Kimberly Camp Guest lecture February 25 2016, 4:00 pm Frick Fine Arts Auditorium, Room 125

Date: 
February 25 2016, 4:00 pm
Campus address: 
Frick Fine Arts Auditorium, Room 125

“The Barnes Foundation: Redefining the Mainstream.”

Ms. Kimberly Camp

Kimberly Camp is a senior lecturer at Lincoln University, the nation’s oldest degree-granting HBCU. She lectures on topics in art history and museum studies and has been tasked with the creation of a new undergraduate museum studies program that takes full advantage of the Lincoln’s relationship with the world renowned Barnes Foundation.

Camp has served as president and CEO for several museums including the Hanford Reach Interpretive Center (the Reach) - a landmark science, technology and natural history museum – first of its kind in the region. Previously, Camp served as the first president and CEO of The Barnes Foundation, with its art collections, archives, arboretum and 12 buildings on 150 acres of land, valued at over $70 billion. She was instrumental in the foundation’s relocation into a new world class facility in the city of Philadelphia.

Ms. Camp was President of the Charles H. Wright Museum of African American History in Detroit and led the museum through a quadrupling of its facility, staff, budget and audience in four years. She also served as the founding Director of The Smithsonian Experimental Gallery, an initiative of the Office of the Assistant Secretary of Museums.
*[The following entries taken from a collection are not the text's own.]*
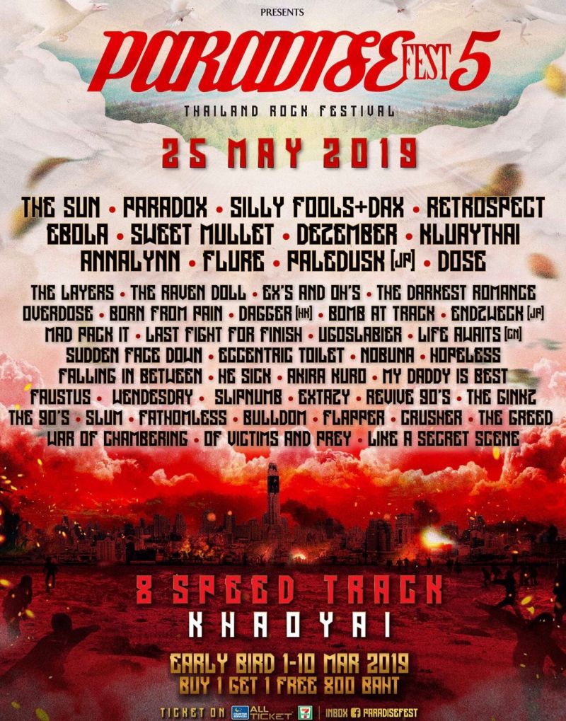 แจ้งข่าวดีแบบด่วน ๆ สำหรับบรรดาคนพันธุ์ร็อกทั้งหลายให้ทราบ ณ เวลานี้ให้รีบจับจองบัตรพร้อมนับถอยหลังเข้าสู่ “พาราไดซ์ เฟสต์ (Paradise FEST) 5”สวรรค์ของคนพันธุ์ร็อกกันได้แล้วตั้งแต่วันนี้ ถึงวันที่ 10 มีนาคม 2562 ที่จะถึงนี้เนื่องด้วยเพราะในครั้งที่5นี้เปิดจำหน่ายบัตรถึงแค่วันที่ 10 มี.ค. 62 เท่านั้น หากคุณพลาด คุณจะพลาดกับปรากฏการณ์สุดยิ่งใหญ่ครั้งแรกของวงการ “ร็อก” เมืองไทย ที่เพลงร็อกจะลั่นขึ้นในเสาร์ที่ 25 พ.ค. 2562ท่ามกลางขุนเขาบนพื้นที่กว่า 100 ไร่อย่าง “8 Speed”เขาใหญ่ จ.นครราชสีมา ที่รับรองได้ว่าจะเดือดกว่าทุกปี กับกองทัพศิลปินพันธุ์ร็อกทุกสายพันธุ์ที่มีมากมายกว่า 200 ชีวิต บนเวทีการแสดงที่ดุเดือดถึง 3 เวที!!!อาทิเช่นPALEDUSK (JP) / FLURE / SWEET MULLET / EBOLA / PARADOX / THE SUN / RETROSPECT / SILLY FOOLS + DAX / DEZEMBER / KLUAYTHAI / ANNALYNN / THE RAVEN DOLL / THE LAYERS / DOSE / EX’S AND OH’S / THE DARKEST ROMANCE / OVERDOSE / BORN FROM PAIN / DAGGER (HK) / BOMB AT TRACK /ENDZWECK (JP) / MAD PACK IT / LAST FIGHT FOR FINISH / UGOSLABIER / LIFE AWAITS (CN) / SUDDEN FACE DOWN / ECCENTRIC TOILET / NOBUNA / HOPELESS / FALLING IN BETWEEN / HE SICK / AKIRA KURO / MY DADDY IS BEST / FAUSTUS / THE GREED / WENDESDAY / SLIPNUMB / EXTAZY / REVIVE 90’S / THE GINKZ / THE 90’S / SLUM / LIKE A SECRET SCENE / FATHOMLESS / BULLDOM / FLAPPER / CRUSHER / WAR OF CHAMBERING / OF VICTIMS AND PREY
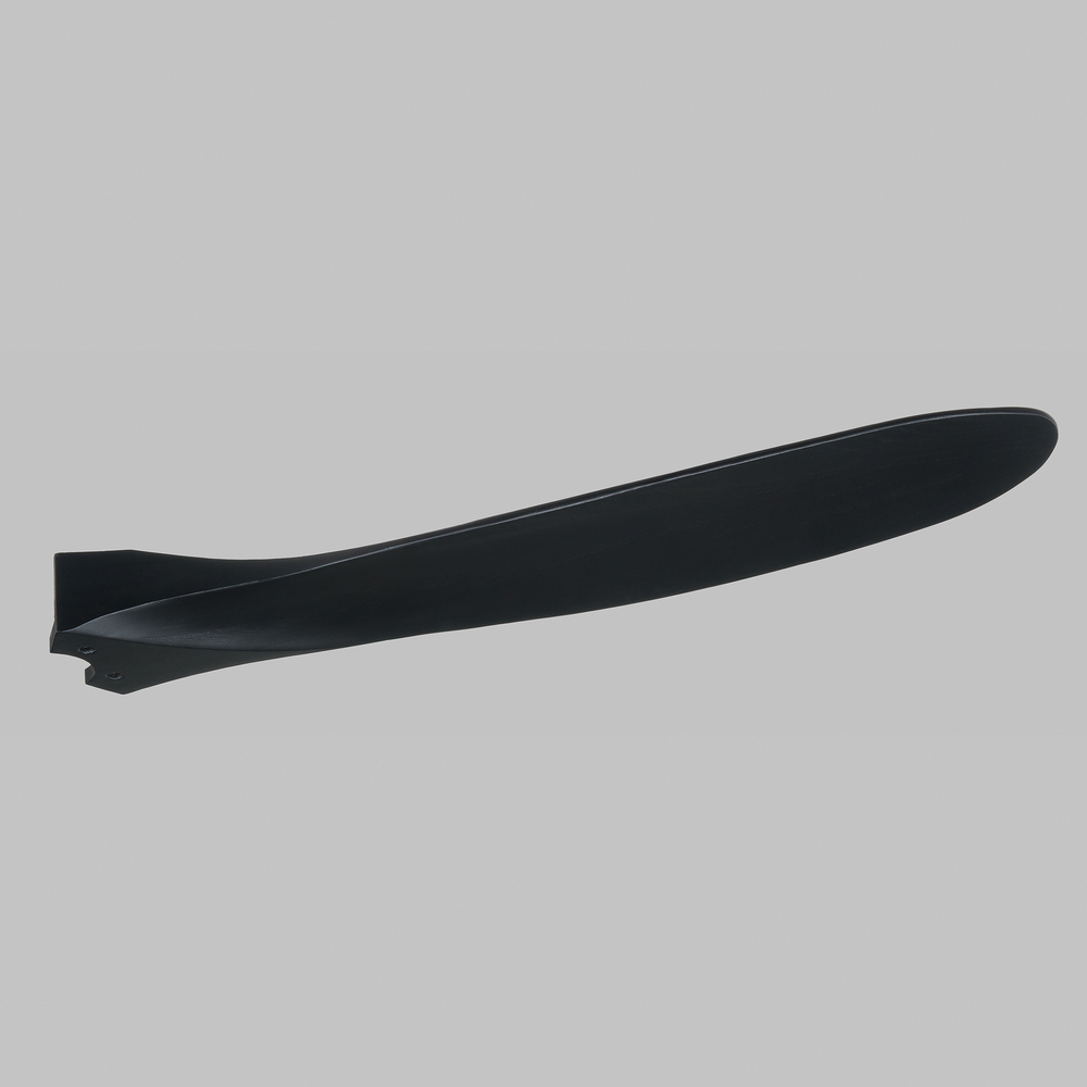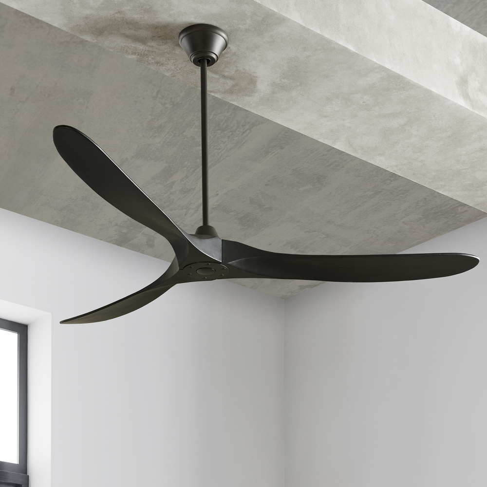 The Maverick 70 in Matte Black w Matte Black Blades features a 85.0 X 28.0 6 speed motor with a Thirteen degree blade pitch. With a sleek modern silhouette, a DC motor and super energy-efficiency, the 70" Maverick Max ceiling fan from features softly rounded blades and elegantly simple housing. Maverick Max features a 3-blade design that delivers a distinct profile and incredible airflow for living rooms, great rooms or outdoor covered areas. It includes a hand-held remote with six speeds and reverse, and is available in six distinct finish options: Brushed Steel housing with Dark Walnut blades, Brushed Steel housing with Koa blades, Matte Black housing with Dark Walnut Blades, Aged Pewter housing with Light Grey Weathered Oak blades, Matte Black housing with Matte Black blades and Matte White housing with Matte White blades. All versions feature beautiful hand-carved, balsa wood blades. ENERGY STAR qualified. Maverick fans are damp-rated, and may be used indoors or in covered areas.
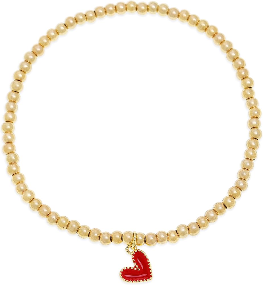 سوار على شكل قلب رقيق مطلي بالذهب، يتميز بأحجار كريمة حمراء متلألئة وخرز ذهبي، مما يضفي لمسة أنيقة على مظهرك.
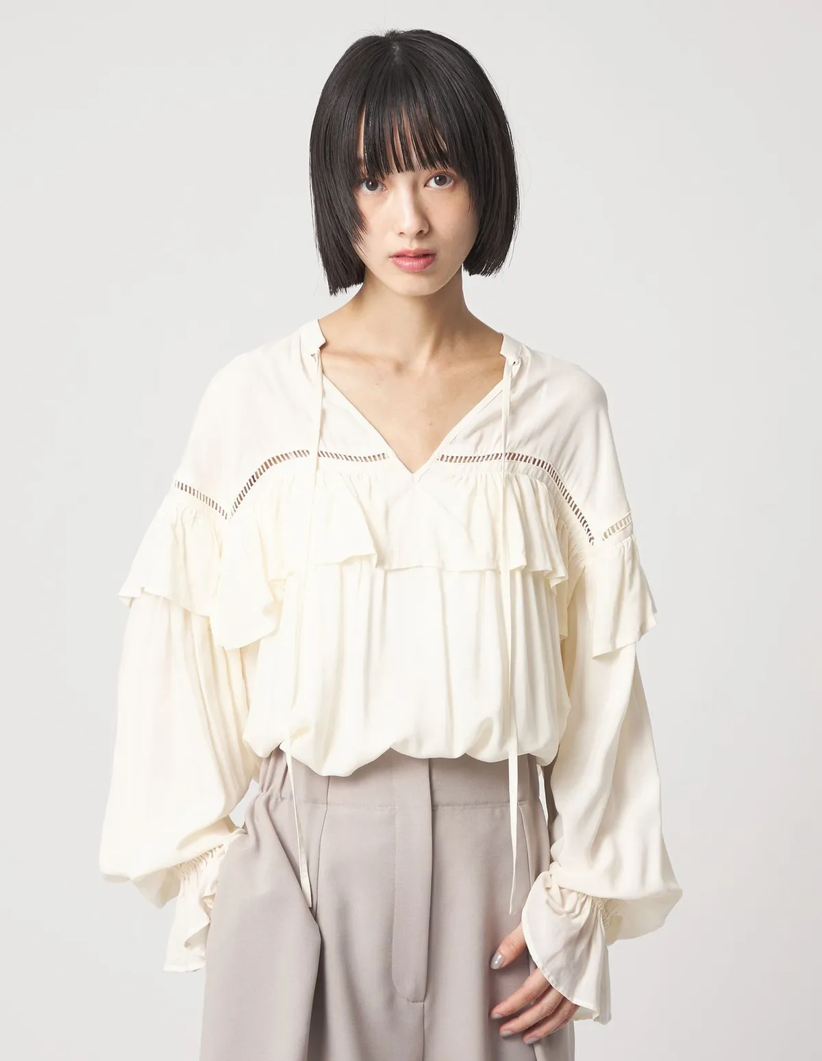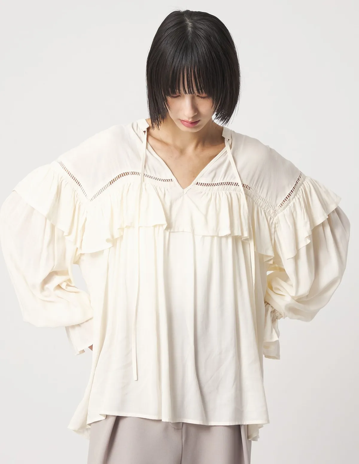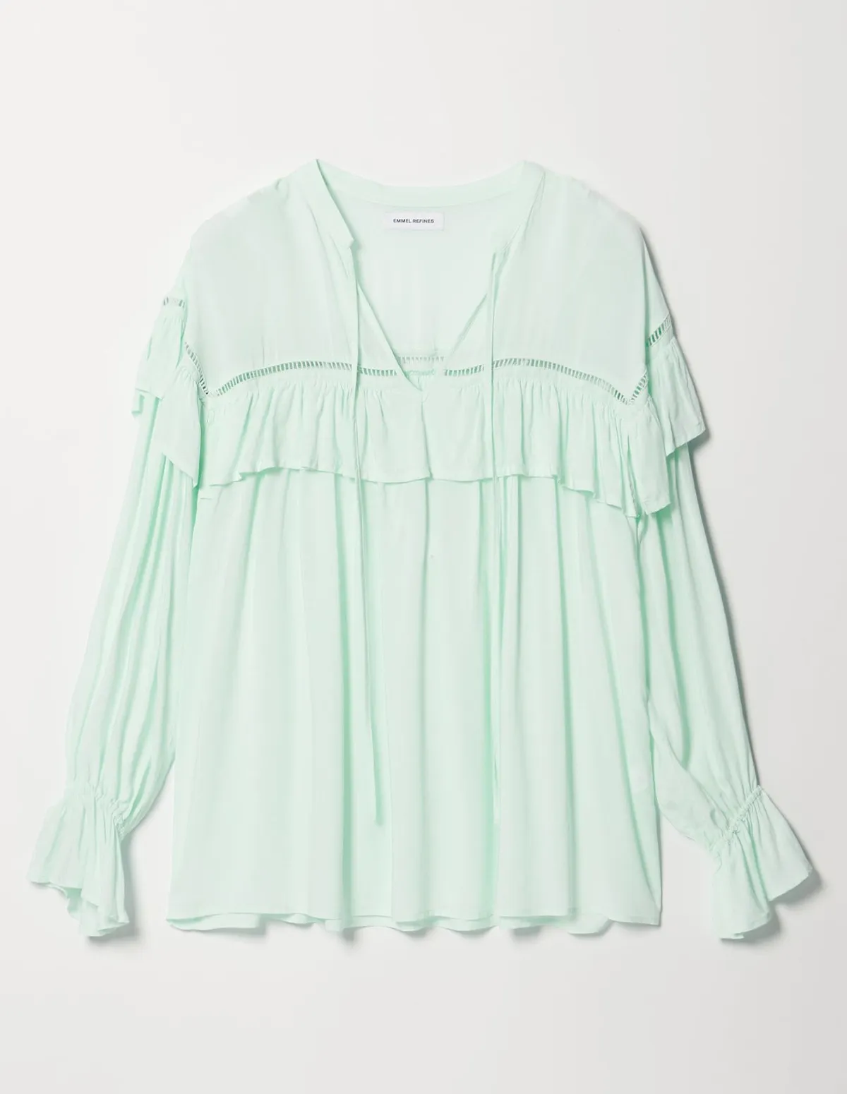 這款襯衫飾有梯形蕾絲和荷葉邊肩部線條簡潔,從胸部到下擺逐漸展開打造出迷人的造型採用柔軟飄逸的布料,穿著舒適自在設計中加入了大量的褶襉設計但布料本身的垂墜感使其不會顯得臃腫穿起來非常輕鬆又很自在材質:100% 人造絲蕾絲:100% 棉 此商品為預購商品 到貨時間需等待14~21個工作天 含假日及國定假日 ⚠️急件處理需自行負擔國際運費
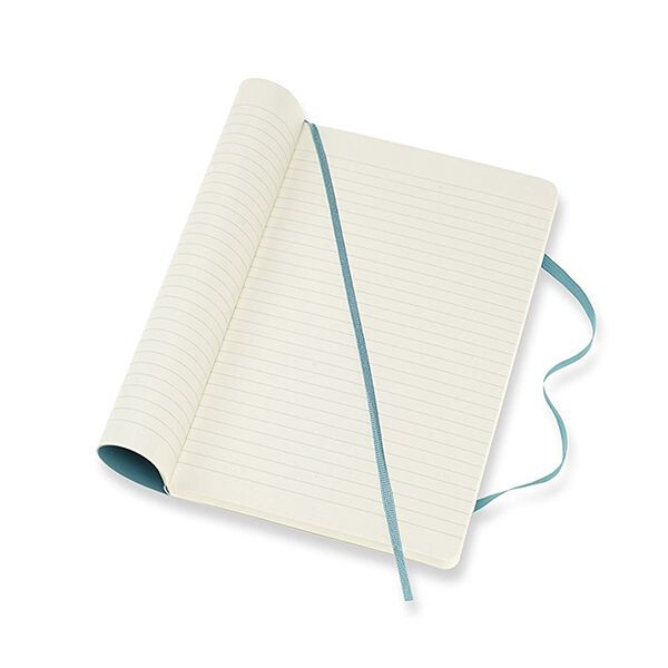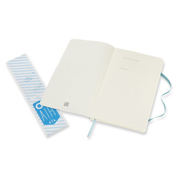 Эта записная книжка среднего размера имеет классический дизайн Moleskine: мягкая обложка голубого цвета с закругленными углами, эластичная резинка, не дающая блокноту раскрываться в сумке, мягкая закладка, внутренний кармашек для визиток и ценных клочков бумаги. Не желтеющая, быстро впитывающая чернила бумага.
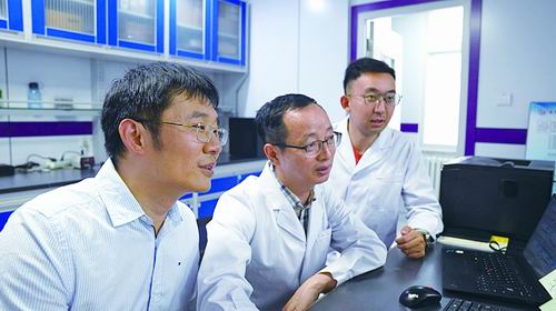 地質地球所科研團隊觀看檢測結果。地質地球所供圖
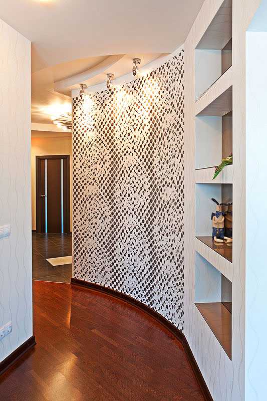 В случае, если весьма узкая прихожая в квартире, но при этом высокая и длинная, то лучше обустроить нишу и как декор картины, панно, потому как мало того, что это украшение пространства, так еще и возможность подчеркнуть вкус собственников жилья.
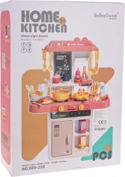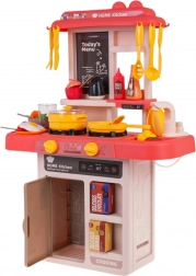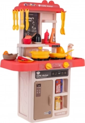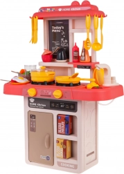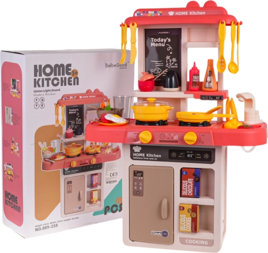 Deze interactieve keuken in levendige kleuren zal elk kind enthousiast maken. Dankzij de verlichte kookpitten en realistische kook- en bakgeluiden is het spel maximaal boeiend. De werkende kraan met water maakt afspoelen van vaat mogelijk zoals in een echte keuken, terwijl de “koelkast” met plankjes geopend kan worden voor het opbergen van voedsel.
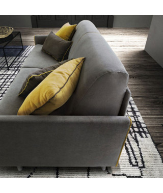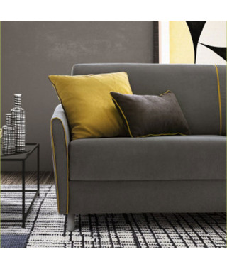 In tessuto o texil completamente sfoderabile (per composizione e lavaggi fare riferimento all’etichetta). Nelle versioni in similpelle sfoderabile cuscini seduta.

An entrepreneurial leader, Camp has focused on the creation of new museum projects and turnarounds for museums in peril.

An artist in her own right, Ms. Camp has been the honored recipient of numerous awards including two National Endowment for the Arts Fellowships, and the Kellogg National Leadership Program Fellowship. Born in Camden, New Jersey, Ms. Camp graduated from the University of Pittsburgh, with a Bachelor of Arts in Studio Arts and Art History. She received her Master of Science degree in Arts Administration from Drexel University in Philadelphia.

Ms. Camp’s appearance is sponsored by the Department of History of Art and Architecture and supported by a generous grant from the Andrew W. Mellon Foundation

This event is free and open to the public. Reception in the Frick Fine Arts Cloister to follow.